Dopo la laurea in fisica all’università Baejae, prosegue gli studi all’Università d’arte Chugye di Seoul, formandosi anche come produttore e studiando le tecniche cinematografiche. In questo periodo inizia la sua carriera come autore di manhwa, che lo porterà alla carriera come fumettista in Giappone.
In questa mihiraki del manga H·E The Hunter, è evidente l’attenzione al dettaglio nella rappresentazione del pianeta
Carriera professionale
Boichi debutta nel 1993 con una storia pubblicata sulla rivista di manga per ragazze Mir e inizia la sua prima serie nel 1994 con Muhon Manga Kyoshitsu, uscita su Wink, una guida alle tecniche del manga.

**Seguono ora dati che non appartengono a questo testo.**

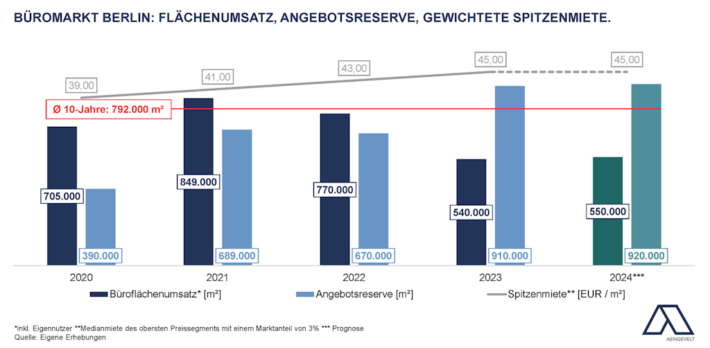 • Für das Gesamtjahr 2024 prognostiziert Aengevelt Research für Berlin einen gegenüber dem Vorjahr einen stabilen Büroflächenumsatz um 550.000 m².
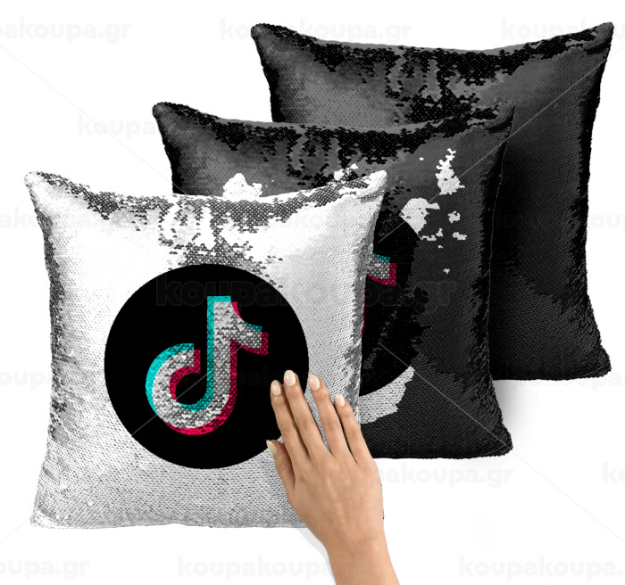TikTok, Μαξιλάρι καναπέ Μαγικό Μαύρο με πούλιες 40x40cm περιέχεται το γέμισμα

Come uomo inserito all’interno del panorama di manhwa per ragazze, il suo profilo all’inizio della carriera risulta piuttosto inusuale. Ciononostante, i suoi titoli iniziano ad avere successo, in particolare TOON, pubblicato sempre su Wink, e T.R.Y, serializzato su Bijoux, che lo vede collaborare con la cantante Kim Hyun-jung di cui disegna la sceneggiatura.
Nel 2000 inizia a disegnare seinen con la serializzazione della sua prima opera a colori, Feeling, sul sito webtoon Comic Today, esplorando un approccio dedicato a un pubblico maturo.
Nel Luglio 2004 Boichi debutta in Giappone con La Parisienne sulla rivista Comic A-UN, di Hit Publishing. Il 2006 vede l’inizio della sua prima serie realizzata direttamente per il mercato giapponese, Sun-Ken Rock, che per dieci anni esce regolarmente sulla rivista seinen Young King di Shōnen Gahosha. L’opera viene anche raccolta in 25 volumetti e tradotta in inglese su piattaforme digitali di e-book.
Sun-Ken Rock alterna momenti di dramma e violenza a gag comiche, che sfruttano le debolezze caratteriali dei personaggi
Nello stesso anno comincia anche a pubblicare Origin sul settimanale Young Magazine di Kodansha, che si conclude nel 2019 con il decimo volume della serie e che in quell’anno vince il gran premio per la categoria manga della 22esima edizione del Japan Media Arts Festival.
Boichi cambia ancora rivista e casa editrice nel 2017, passando a Shōnen Jump+ di Shueisha con Dr.Stone, una serie per un target un po’ più giovane scritta da Riichirou Inagaki (sceneggiatore di Eyeshield 21) e conclusa nel 2022.
Nel 2019 Dr.Stone vince il premio della categoria shōnen dello Shogakukan Manga Award e nello stesso anno inizia ad essere trasmessa su Tokyo MX la prima stagione della versione animata. Nel 2021 esce la seconda stagione e, dopo uno speciale trasmesso a Luglio 2022, segue la terza stagione nel 2023. L’adattamento si conclude con una quarta stagione, suddivisa in tre archi e trasmessa dal 2025. A Ottobre 2026 si tiene a Yokohama un evento celebrativo per la conclusione della versione animata della serie.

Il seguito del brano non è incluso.